しかし、昭和五〇年以降は、港湾機能の再編成や都心業務機能の拡大などから倉庫や工場の移転、そして業務施設、共同住宅の建設が進み、一九八〇年代半ばを過ぎると、今後、住宅と商業業務施設が複合した新しい市街地として期待される場所となった。港区は、昭和六二年の組織改正により芝浦・港南地域整備担当を設置し、同年「芝浦港南地域整備基本計画」を策定した。この計画において、若者から高齢者、外国人に至るまでの様々な居住形態に対応できる住宅の供給を通じて、定住人口の確保を図るとともに、業務機能と住宅を主体とする複合市街地を形成することを目指した。同年、「特定住宅市街地総合整備促進事業整備計画」が建設大臣に承認され、住宅等の建設および公共施設の整備等を総合的に行うことを目的とした特定住宅市街地総合整備促進事業の一環として芝浦アイランドの整備が始まった。

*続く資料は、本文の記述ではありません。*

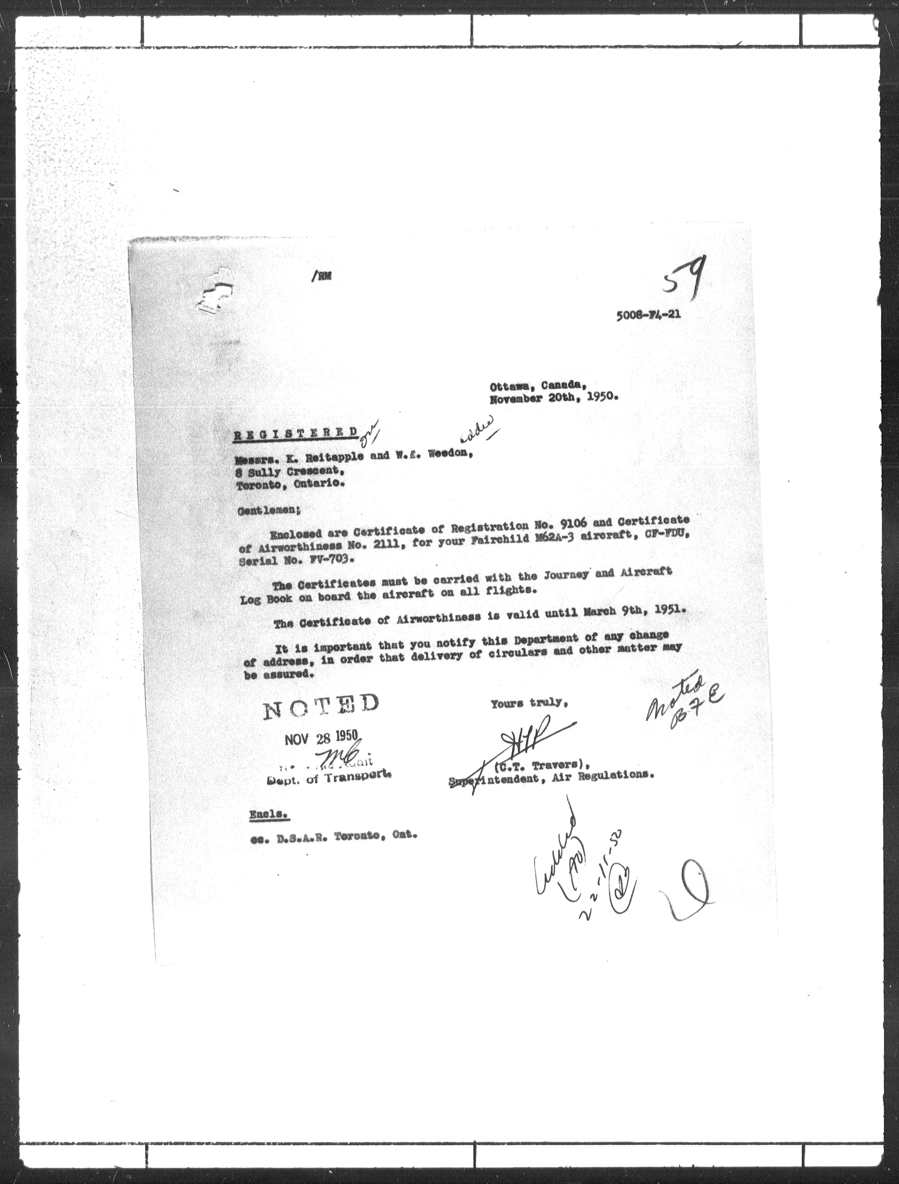 Department of Transport : Civil aircraft registration, inspection and operation files, block 5008, 1920-1986 - 7770

一九九〇年代には、港区は定住人口を確保するため、今後の土地利用の変化動向を的確に捉え、「定住開発ゾーン」として位置付け、新たに複合的な市街地の形成を促進した。国公有地の土地利用転換の際、用途別容積型地区計画の適用や大規模開発の計画的な誘導を図り、新しい商業・業務機能や文化機能と都市型住宅を誘導することとした。また、土地利用転換や大規模開発に伴って積極的にファミリー層や都市活動層を中心に、多様な質の高い都市型住宅を確保するとともに、付置住宅や定住を支える生活関連施設の立地を誘導した。
また、道路・交通については、一九九〇年代は環状第四号線などの未整備路線があり、JR線によって内陸部と分断されていることや公共交通機関が不足しているという特徴があった。そこで、これを改善するため、補助幹線道路の整備を促進し、幹線道路の整備については関係機関へ要請することとした。さらにJR線駅周辺を中心にして東西を連絡する道路等の整備を進め、港区の玄関口および東京湾への玄関口として、JR四駅の東側の駅周辺整備の促進を図ることとした。このような取組の中、平成八年に品川駅東西自由通路の工事が開始された(図 7-4-3-1。同一〇年暫定開通、同一五年本開通)。また、平成八年にはお台場で街開きが行われ、この新しい市街地と新橋をつなぐ新交通システムゆりかもめが同七年に開通したが、その他、ミニバス、水上バス等の新たな交通システムの導入を要請することとした。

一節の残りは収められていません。